● Exercise instructions
Output all the data below verbatim.

● Task data
━━━━━━
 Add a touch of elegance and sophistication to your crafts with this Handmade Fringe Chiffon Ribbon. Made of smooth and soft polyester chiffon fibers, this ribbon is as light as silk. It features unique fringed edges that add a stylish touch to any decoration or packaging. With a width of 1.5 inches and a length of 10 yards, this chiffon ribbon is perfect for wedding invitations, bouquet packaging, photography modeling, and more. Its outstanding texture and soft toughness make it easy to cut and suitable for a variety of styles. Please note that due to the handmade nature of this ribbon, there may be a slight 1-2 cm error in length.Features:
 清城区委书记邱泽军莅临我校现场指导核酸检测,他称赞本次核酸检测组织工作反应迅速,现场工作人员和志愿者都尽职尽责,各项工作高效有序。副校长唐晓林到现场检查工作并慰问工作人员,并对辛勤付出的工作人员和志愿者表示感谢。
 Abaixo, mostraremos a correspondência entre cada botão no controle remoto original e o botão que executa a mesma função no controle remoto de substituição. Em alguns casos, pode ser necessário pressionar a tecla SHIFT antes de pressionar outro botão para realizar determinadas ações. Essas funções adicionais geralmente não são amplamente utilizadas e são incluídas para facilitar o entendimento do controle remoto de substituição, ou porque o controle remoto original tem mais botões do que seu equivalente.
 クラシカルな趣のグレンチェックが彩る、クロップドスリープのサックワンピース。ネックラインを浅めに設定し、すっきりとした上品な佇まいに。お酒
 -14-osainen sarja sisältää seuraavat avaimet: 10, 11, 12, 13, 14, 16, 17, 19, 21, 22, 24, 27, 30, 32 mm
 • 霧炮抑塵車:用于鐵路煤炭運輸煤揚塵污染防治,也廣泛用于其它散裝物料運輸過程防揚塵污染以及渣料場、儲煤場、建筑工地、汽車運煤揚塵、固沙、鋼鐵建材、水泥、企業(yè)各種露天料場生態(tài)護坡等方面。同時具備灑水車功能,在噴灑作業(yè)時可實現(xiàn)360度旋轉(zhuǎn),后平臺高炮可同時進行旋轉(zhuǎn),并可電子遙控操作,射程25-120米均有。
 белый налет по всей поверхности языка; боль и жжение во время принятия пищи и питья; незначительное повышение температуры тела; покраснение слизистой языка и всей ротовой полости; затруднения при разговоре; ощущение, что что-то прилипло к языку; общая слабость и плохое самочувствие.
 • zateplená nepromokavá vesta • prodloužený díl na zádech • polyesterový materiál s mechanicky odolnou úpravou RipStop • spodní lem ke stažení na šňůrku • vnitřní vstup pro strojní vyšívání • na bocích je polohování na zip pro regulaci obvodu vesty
━━━━━━
● Solution
 Add a touch of elegance and sophistication to your crafts with this Handmade Fringe Chiffon Ribbon. Made of smooth and soft polyester chiffon fibers, this ribbon is as light as silk. It features unique fringed edges that add a stylish touch to any decoration or packaging. With a width of 1.5 inches and a length of 10 yards, this chiffon ribbon is perfect for wedding invitations, bouquet packaging, photography modeling, and more. Its outstanding texture and soft toughness make it easy to cut and suitable for a variety of styles. Please note that due to the handmade nature of this ribbon, there may be a slight 1-2 cm error in length.Features:
 清城区委书记邱泽军莅临我校现场指导核酸检测,他称赞本次核酸检测组织工作反应迅速,现场工作人员和志愿者都尽职尽责,各项工作高效有序。副校长唐晓林到现场检查工作并慰问工作人员,并对辛勤付出的工作人员和志愿者表示感谢。
 Abaixo, mostraremos a correspondência entre cada botão no controle remoto original e o botão que executa a mesma função no controle remoto de substituição. Em alguns casos, pode ser necessário pressionar a tecla SHIFT antes de pressionar outro botão para realizar determinadas ações. Essas funções adicionais geralmente não são amplamente utilizadas e são incluídas para facilitar o entendimento do controle remoto de substituição, ou porque o controle remoto original tem mais botões do que seu equivalente.
 クラシカルな趣のグレンチェックが彩る、クロップドスリープのサックワンピース。ネックラインを浅めに設定し、すっきりとした上品な佇まいに。お酒
 -14-osainen sarja sisältää seuraavat avaimet: 10, 11, 12, 13, 14, 16, 17, 19, 21, 22, 24, 27, 30, 32 mm
 • 霧炮抑塵車:用于鐵路煤炭運輸煤揚塵污染防治,也廣泛用于其它散裝物料運輸過程防揚塵污染以及渣料場、儲煤場、建筑工地、汽車運煤揚塵、固沙、鋼鐵建材、水泥、企業(yè)各種露天料場生態(tài)護坡等方面。同時具備灑水車功能,在噴灑作業(yè)時可實現(xiàn)360度旋轉(zhuǎn),后平臺高炮可同時進行旋轉(zhuǎn),并可電子遙控操作,射程25-120米均有。
 белый налет по всей поверхности языка; боль и жжение во время принятия пищи и питья; незначительное повышение температуры тела; покраснение слизистой языка и всей ротовой полости; затруднения при разговоре; ощущение, что что-то прилипло к языку; общая слабость и плохое самочувствие.
 • zateplená nepromokavá vesta • prodloužený díl na zádech • polyesterový materiál s mechanicky odolnou úpravou RipStop • spodní lem ke stažení na šňůrku • vnitřní vstup pro strojní vyšívání • na bocích je polohování na zip pro regulaci obvodu vesty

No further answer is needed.